We thank the reviewer for the comments and questions. A general rebuttal is posted above. Below we address the reviewer's individual questions.
1. MolDiff Baseline. MolDiff shows that incorporating bond information in point cloud-based approaches improves the quality of the generated samples. This contribution is orthogonal to ours and can potentially be incorporated into our generative model, e.g. via additional channels. This, however, is not the focus of our work, nor that of the baselines we considered. Here, we aim at proposing for the first time neural fields as a new representation for 3D molecules (a non-trivial task).

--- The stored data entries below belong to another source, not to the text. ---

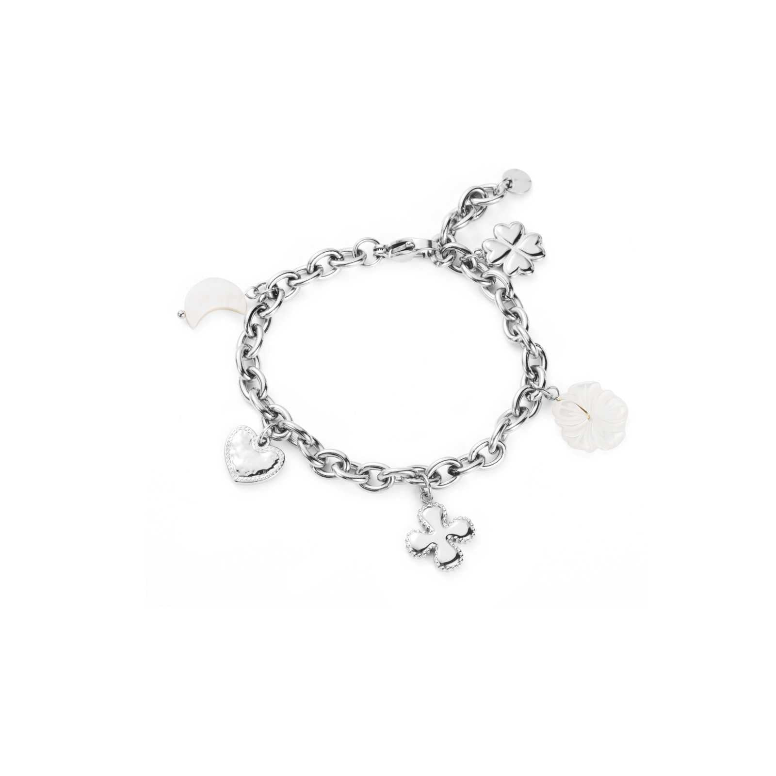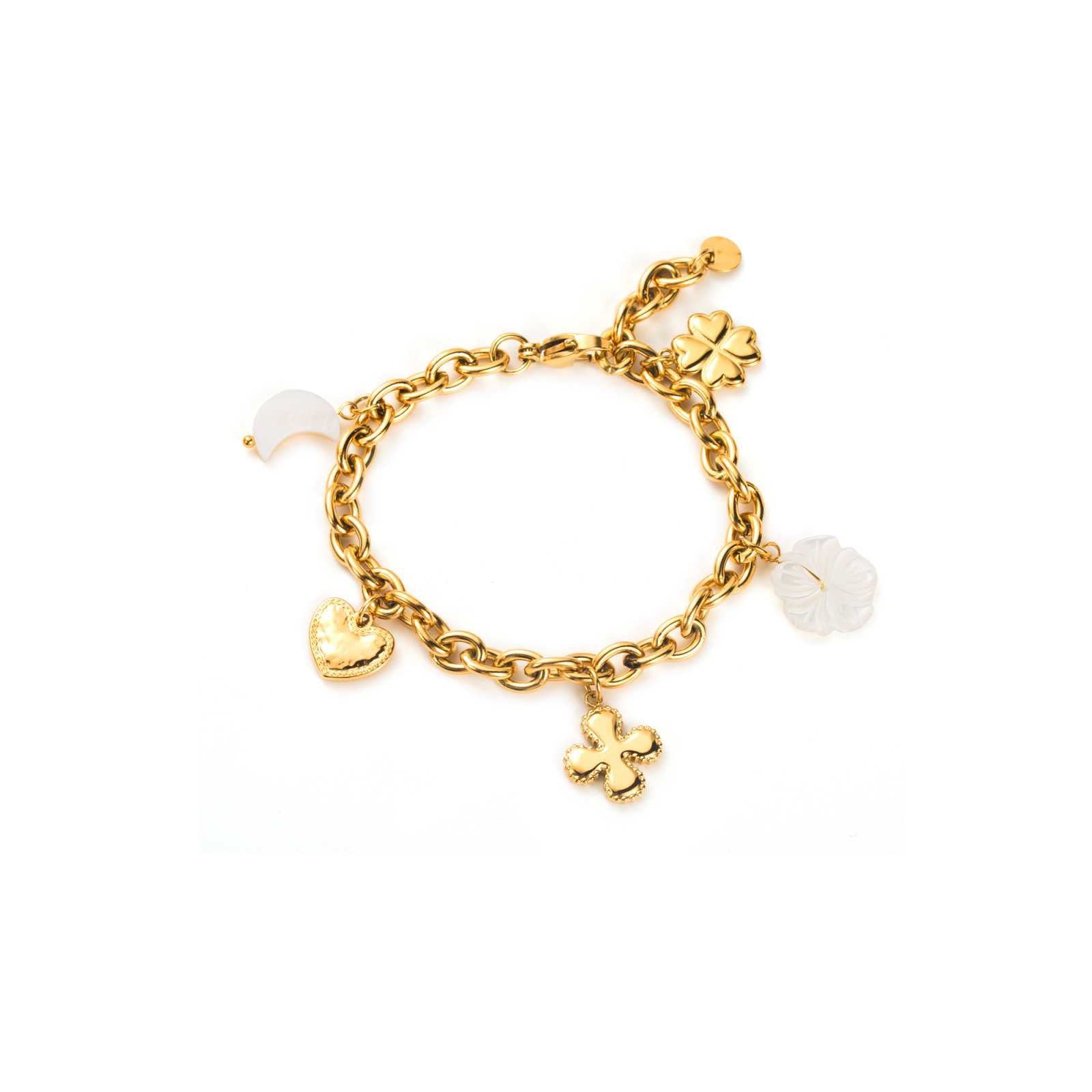 Élégant et poétique, ce bracelet de couleur argenté se pare de charms aux symboles doux : cœur, trèfle, fleur et lune. Idéal pour un look raffiné ou romantique.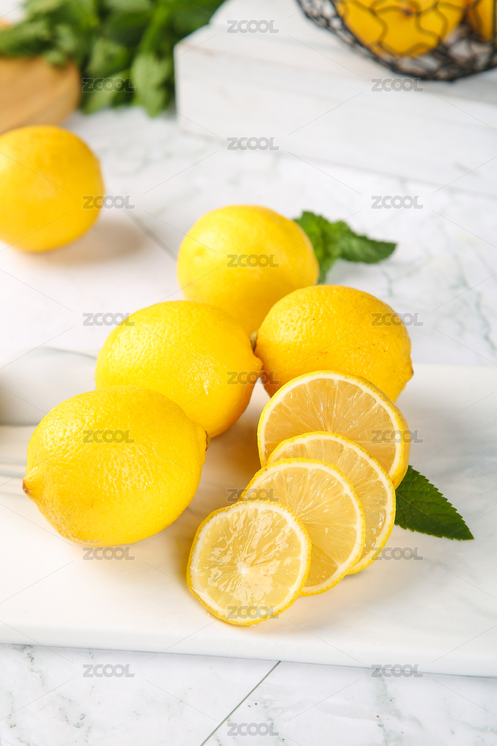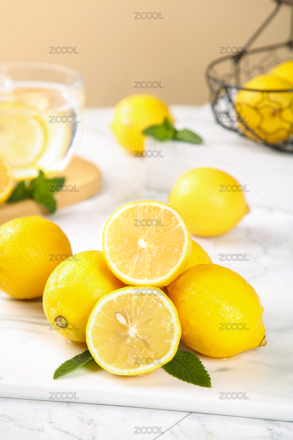 大理石纹背景里的一盘柠檬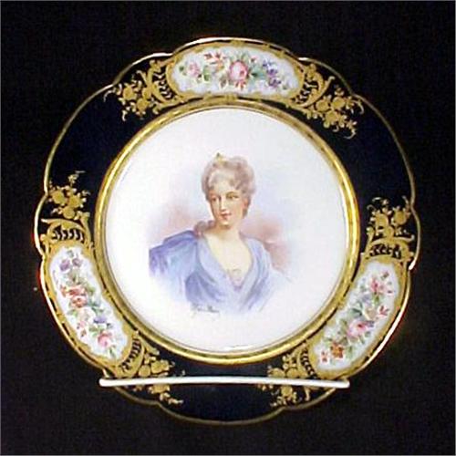 This is a rare and exceptional example of the world?s finest porcelain ? Sevres. This plate dates from 1779 ? its hand painted with the portrait of Madam de Bourgogne. It is artist signed - Gaultier. It has a paper label on the back ? which is very interesting ? it is from the Hill Street Galleries, Athens, Georgia. It is a very old label. The edges of the plate is in deep rich cobalt blue with three reserves of enameled flowers surrounded by gold gilt decorations. The interior rim of the plate also has a lavish amount in the gild gilded border. The plate is in very fine condition ? no scratches, no chips. This plate is from a very fine estate in Bangor, Maine. It is a rare and exceptional example. It is a very fine cabinet plate and quite the collectible item. It measures 8 5/8? in diameter.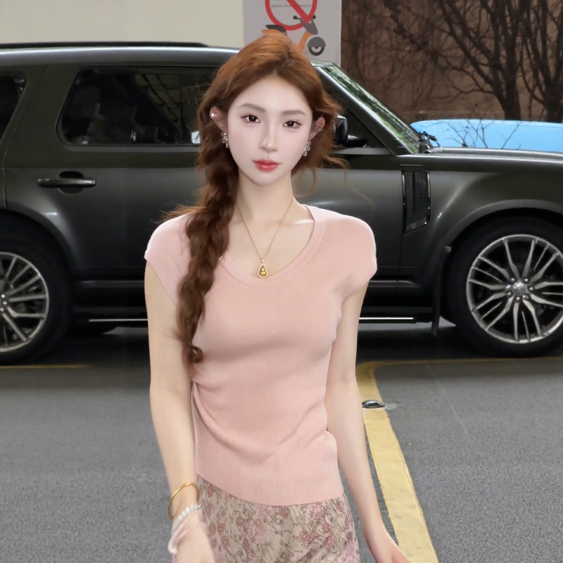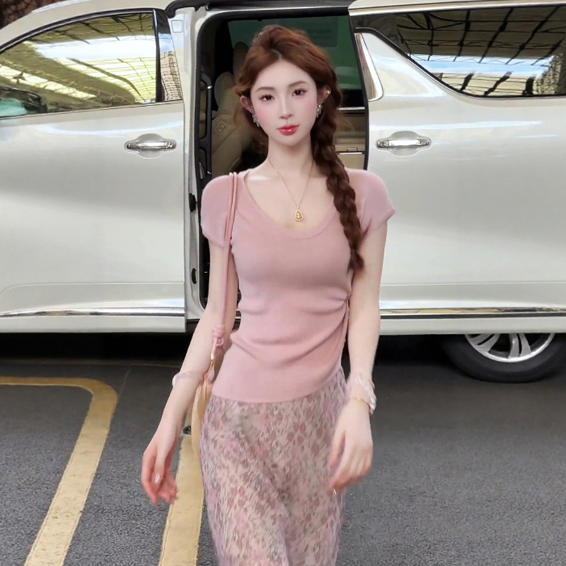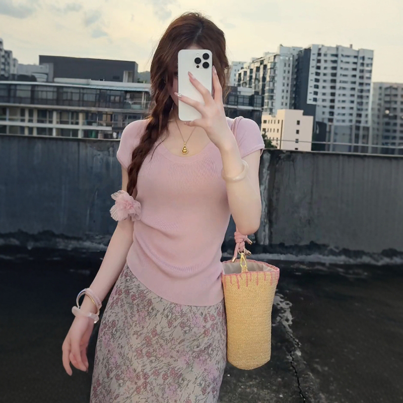 韩系甜美风粉色针织短袖碎花半身裙两件套女夏季新款温柔绝美套装

For completeness (despite different training assumptions), we compare FuncMol to MolDiff. Since the weights for MolDiff with hydrogens were unavailable, we compared FuncMol using MolDiff’s metrics and the MolDiff performance reported in their Appendix D.1, Table 8. We observe that FuncMol achieves competitive results in most metrics despite not using bond information.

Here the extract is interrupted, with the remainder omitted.